#### Required work
Here the job is to transcribe the data verbatim while leaving each picture out.
============================================================
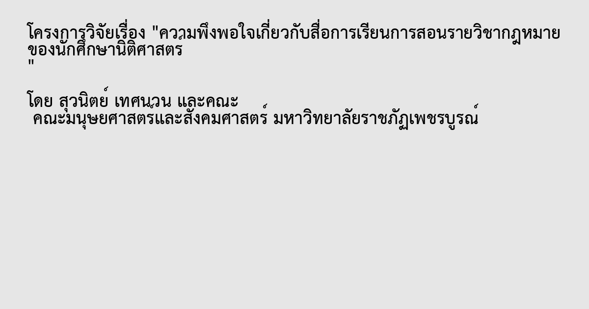 การวิจัยครั้งนี้มีวัตถุประสงค์เพื่อศึกษาความพึงพอใจเกี่ยวกับสื่อการเรียนการสอนรายวิชากฎหมายของ นักศึกษานิติศาสตร์ สาขาวิชานิติศาสตร์ คณะมนุษยศาสตร์และสังคมศาสตร์ มหาวิทยาลัยราชภัฏเพชรบูรณ์ โดยเลือกจากประชากรกลุ่มเป้าหมาย คือ นักศึกษานิติศาสตร์ ชั้นปีที่ 1 ภาคการศึกษาที่ 22560 จำนวน 57 คน และวิธีการเลือกสุ่มตัวอย่างเพื่อสัมภาษณ์เชิงลึกจากนักศึกษากลุ่มเป้าหมายเดิม เครื่องมือที่ใช้ในการเก็บรวบรวมข้อมูล คือ แบบสอบถามความพึงใจเกี่ยวกับสื่อการเรียนการสอนรายวิชากฎหมายของนักศึกษา นิติศาสตร์ สถิติที่ใช้ในการวิเคราะห์ข้อมูล ได้แก่ ค่าร้อยละ ค่าเฉลี่ย และส่วนเบี่ยงเบนมาตรฐาน ข้อมูลสถิติ จากคำถามปลายเปิดและการแปลค่าจากการสัมภาษณ์เชิงลึก
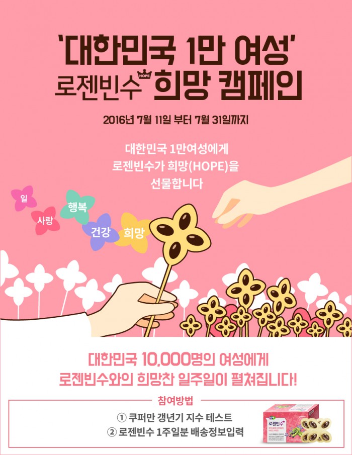 이번 캠페인은 '쿠퍼만 갱년기 지수' 테스트를 진행하면 총 1만명에게 여성 전문건강기능식품 '로젠빈수'를 증정하는 행사다.
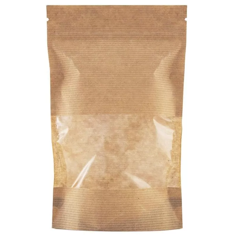Пакет Дой-Пак 140*225+40+40мм Крафт с окном 70мм/зип-лок /50
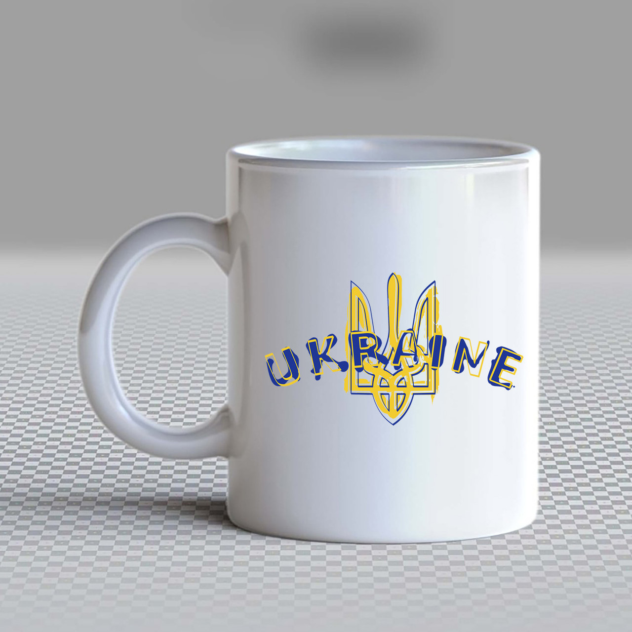 Кружка чашка белая с принтом "Сине-желтое сердце и желтый герб Украины Ukraine" Кавун
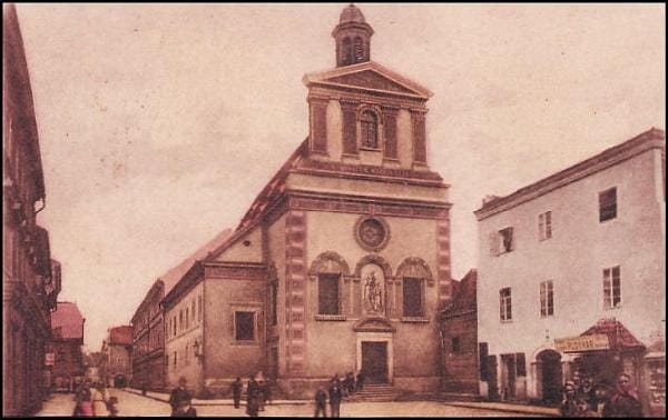 Bývalý biskupský seminář s kostelem sv. Anny na pohlednici z roku 1915.
============================================================
#### Reply to the exercise
 การวิจัยครั้งนี้มีวัตถุประสงค์เพื่อศึกษาความพึงพอใจเกี่ยวกับสื่อการเรียนการสอนรายวิชากฎหมายของ นักศึกษานิติศาสตร์ สาขาวิชานิติศาสตร์ คณะมนุษยศาสตร์และสังคมศาสตร์ มหาวิทยาลัยราชภัฏเพชรบูรณ์ โดยเลือกจากประชากรกลุ่มเป้าหมาย คือ นักศึกษานิติศาสตร์ ชั้นปีที่ 1 ภาคการศึกษาที่ 22560 จำนวน 57 คน และวิธีการเลือกสุ่มตัวอย่างเพื่อสัมภาษณ์เชิงลึกจากนักศึกษากลุ่มเป้าหมายเดิม เครื่องมือที่ใช้ในการเก็บรวบรวมข้อมูล คือ แบบสอบถามความพึงใจเกี่ยวกับสื่อการเรียนการสอนรายวิชากฎหมายของนักศึกษา นิติศาสตร์ สถิติที่ใช้ในการวิเคราะห์ข้อมูล ได้แก่ ค่าร้อยละ ค่าเฉลี่ย และส่วนเบี่ยงเบนมาตรฐาน ข้อมูลสถิติ จากคำถามปลายเปิดและการแปลค่าจากการสัมภาษณ์เชิงลึก
 이번 캠페인은 '쿠퍼만 갱년기 지수' 테스트를 진행하면 총 1만명에게 여성 전문건강기능식품 '로젠빈수'를 증정하는 행사다.
Пакет Дой-Пак 140*225+40+40мм Крафт с окном 70мм/зип-лок /50
 Кружка чашка белая с принтом "Сине-желтое сердце и желтый герб Украины Ukraine" Кавун
 Bývalý biskupský seminář s kostelem sv. Anny na pohlednici z roku 1915.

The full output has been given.